YOUR OBJECTIVE:
Give again, word for word, the line holding "Schreibtisch weiß, Maße" and every line after it through the end of the data below. Omit pictures.

SUPPLIED MATERIAL:
━━━━━━━━━━━━━━━━

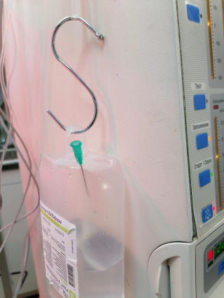 Физраствор подвешиваем в заранее подготовленном месте или на стойку аппарата.
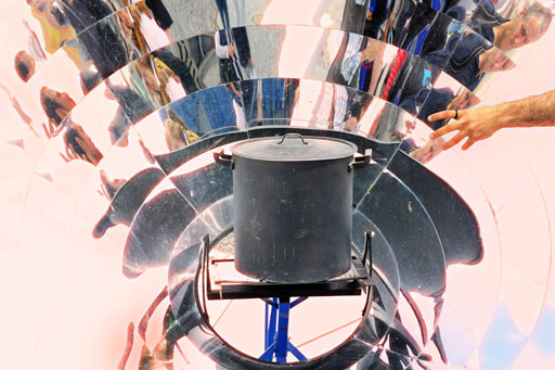 The solar cookers are made of several mirrored panels set together to look like a satellite dish. These panels focus sunlight at the centre of the appliance enabling it to heat a cooking pot or an oven.
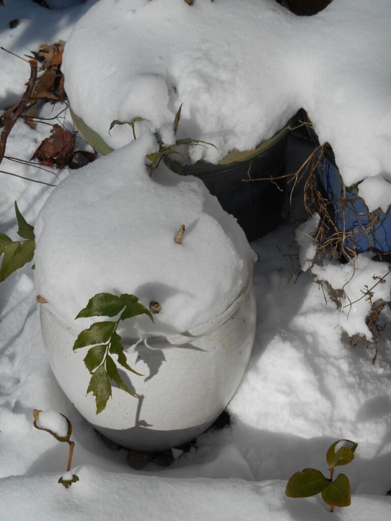 Here in Zone 7b, we don’t have our routines established for dealing with extreme weather.  In colder climates, many gardeners routinely wrap shrubs in layers of burlap or row cover material to protect evergreen leaves from damaging cold winds.  We just have to think through which plants we need to save and protect, and then improvise with the materials we have at hand.
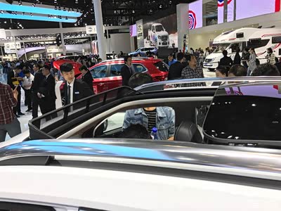 荣威RX5,这款车现在的关注度非常高,,,我一个麻将朋友上个月就提了一辆红色1.5T的,估计是低配,落地听说才13W多,。。。,这次车展去近距离了解了一下,,
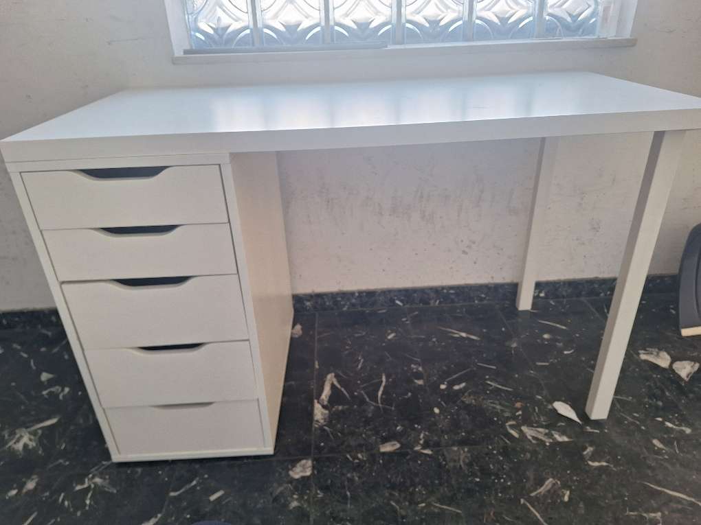 Schreibtisch weiß, Maße 120 cm x 60 cm, zwei Schubladen sind zu reparieren
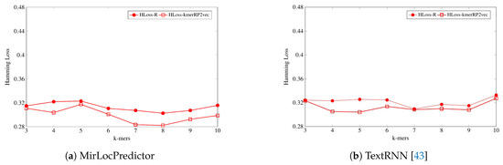 On the other hand, as shown by Figure 6, evaluating the performance of both classification methodologies in terms of hamming loss, MirLocPredictor hamming loss using the proposed kmerPR2vec feature representation approach is significantly lower across all k-mers than the hamming loss produced using random initialized k-mer vectors. Whereas TextRNN produces same hamming loss values with both feature representation approaches only at two k-mers (3 and 7), at most k-mers, TextRNN hamming loss using the proposed kmerPR2vec feature representation approach also remains lower than the hamming loss produced by randomly initialized k-mer embeddings.
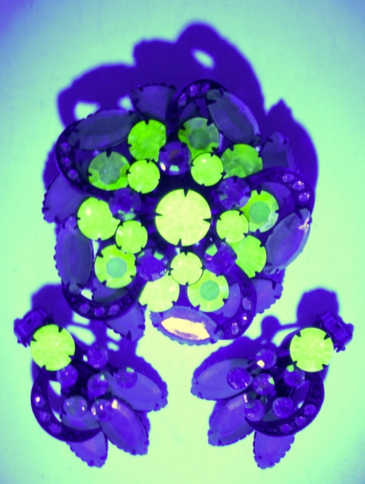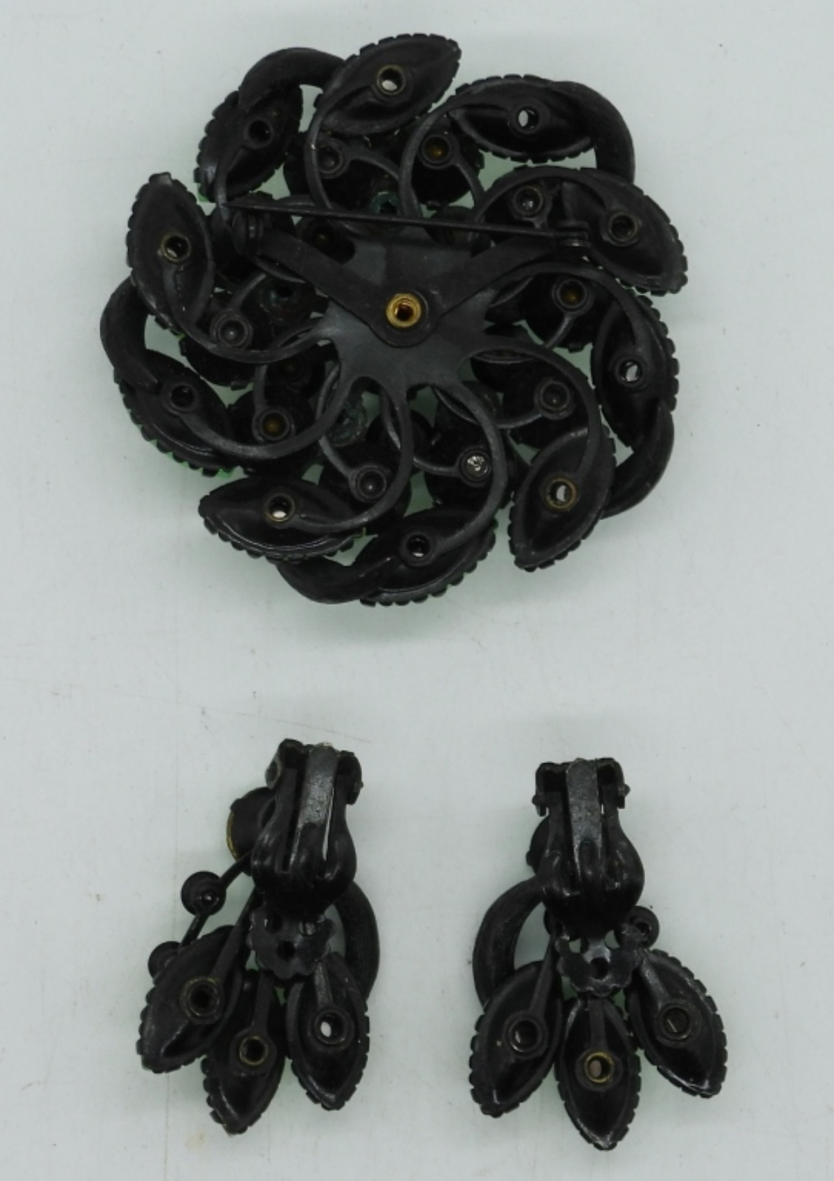 LARGE GREEN GLASS URANIUM BROOCH AND CLIP ON EARRINGS. BROOCH MEASURES 2.5″. EARRINGS ARE 1″.
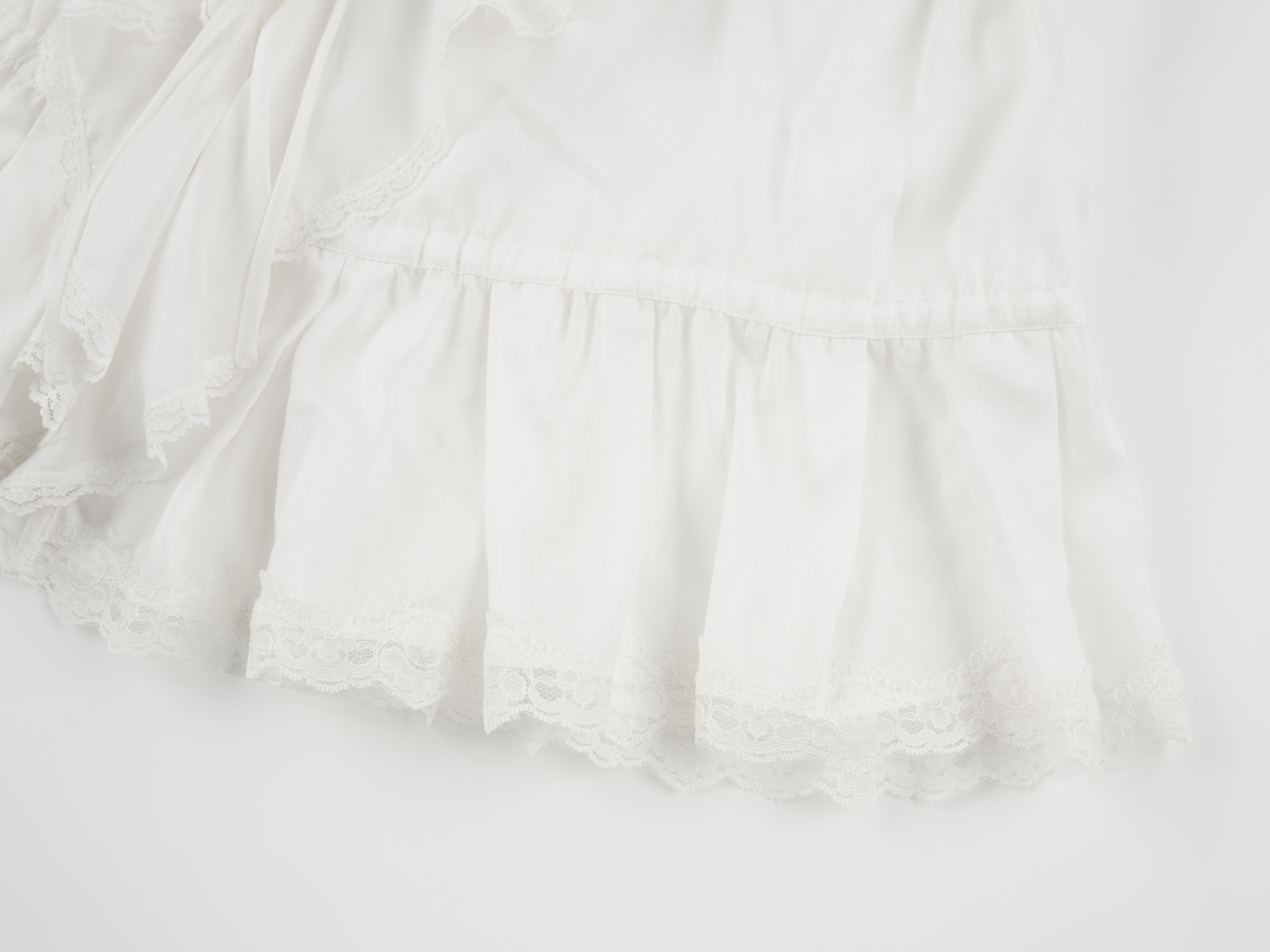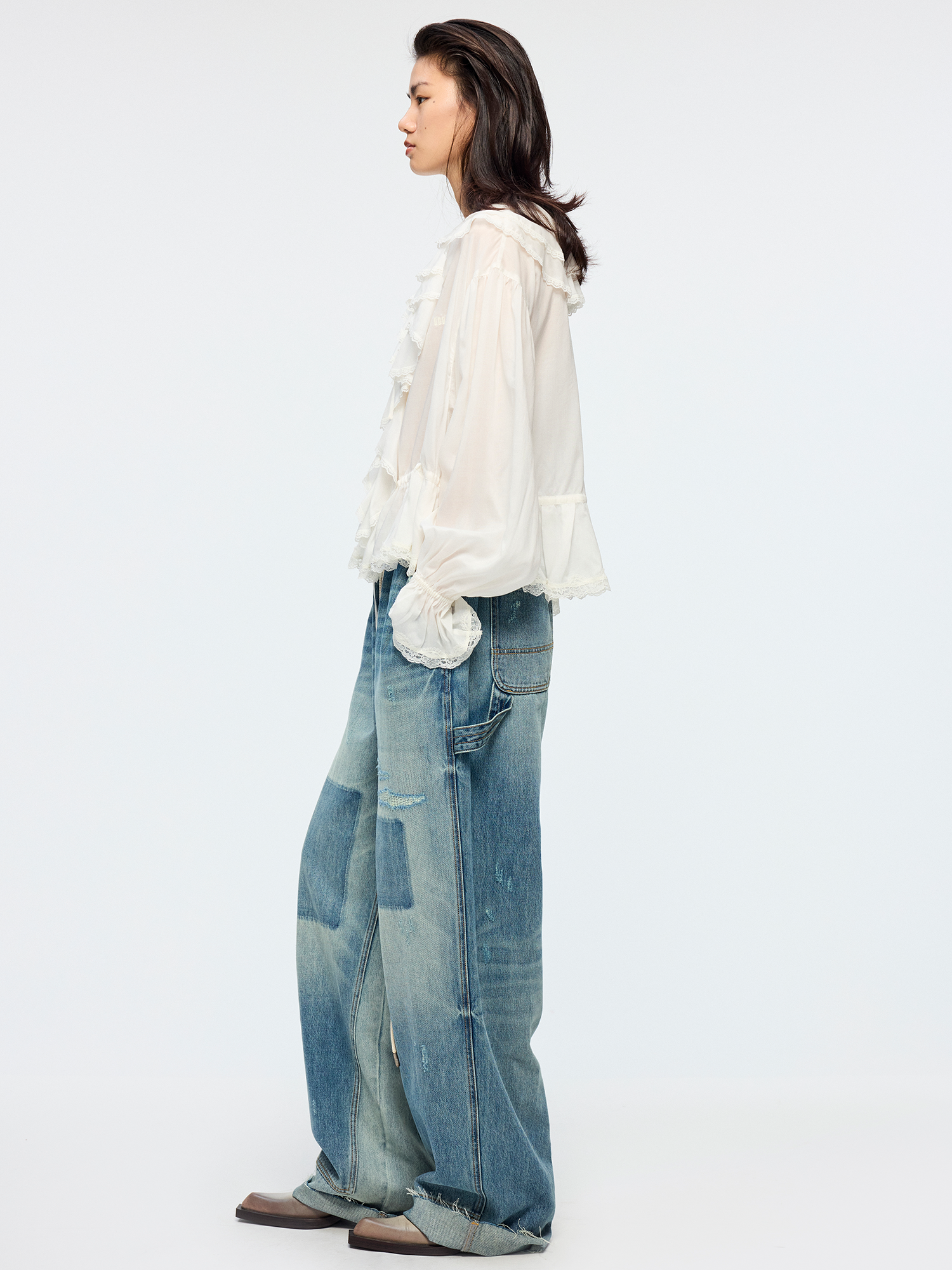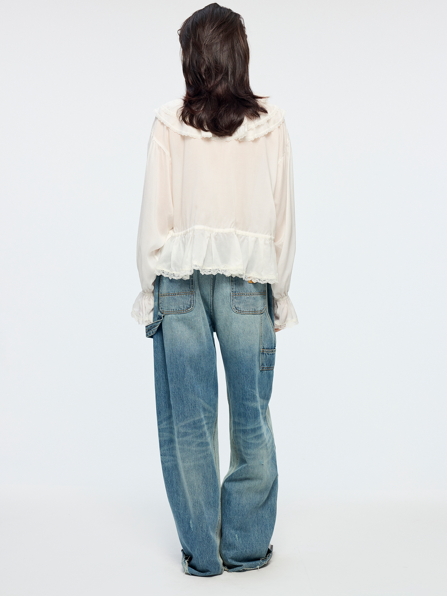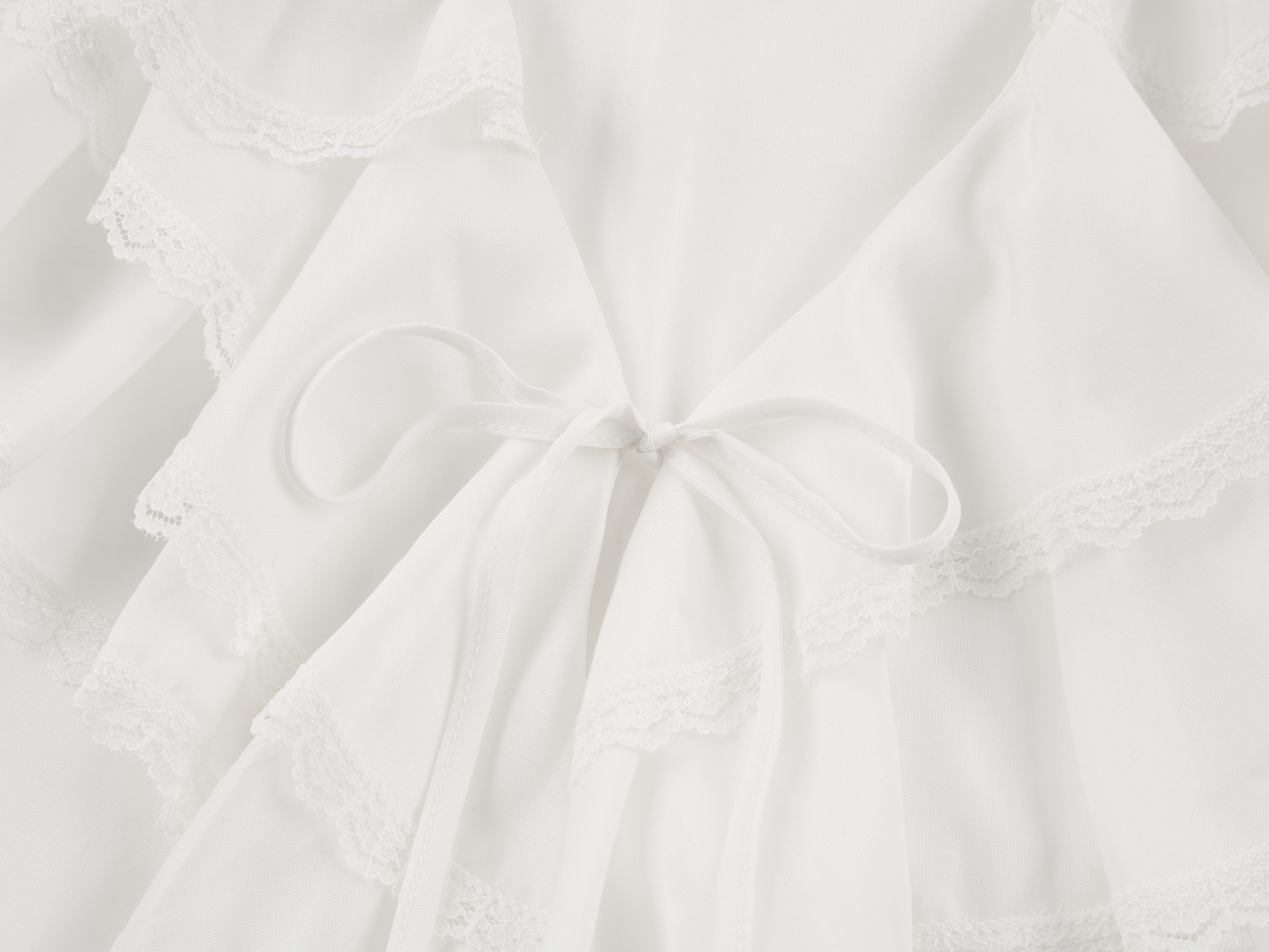 Relaxed fit shirt features layered, staggered ruffle collars?romantic and casual.

━━━━━━━━━━━━━━━━

RESPONSE TO THIS TASK:
 Schreibtisch weiß, Maße 120 cm x 60 cm, zwei Schubladen sind zu reparieren
 On the other hand, as shown by Figure 6, evaluating the performance of both classification methodologies in terms of hamming loss, MirLocPredictor hamming loss using the proposed kmerPR2vec feature representation approach is significantly lower across all k-mers than the hamming loss produced using random initialized k-mer vectors. Whereas TextRNN produces same hamming loss values with both feature representation approaches only at two k-mers (3 and 7), at most k-mers, TextRNN hamming loss using the proposed kmerPR2vec feature representation approach also remains lower than the hamming loss produced by randomly initialized k-mer embeddings.
 LARGE GREEN GLASS URANIUM BROOCH AND CLIP ON EARRINGS. BROOCH MEASURES 2.5″. EARRINGS ARE 1″.
 Relaxed fit shirt features layered, staggered ruffle collars?romantic and casual.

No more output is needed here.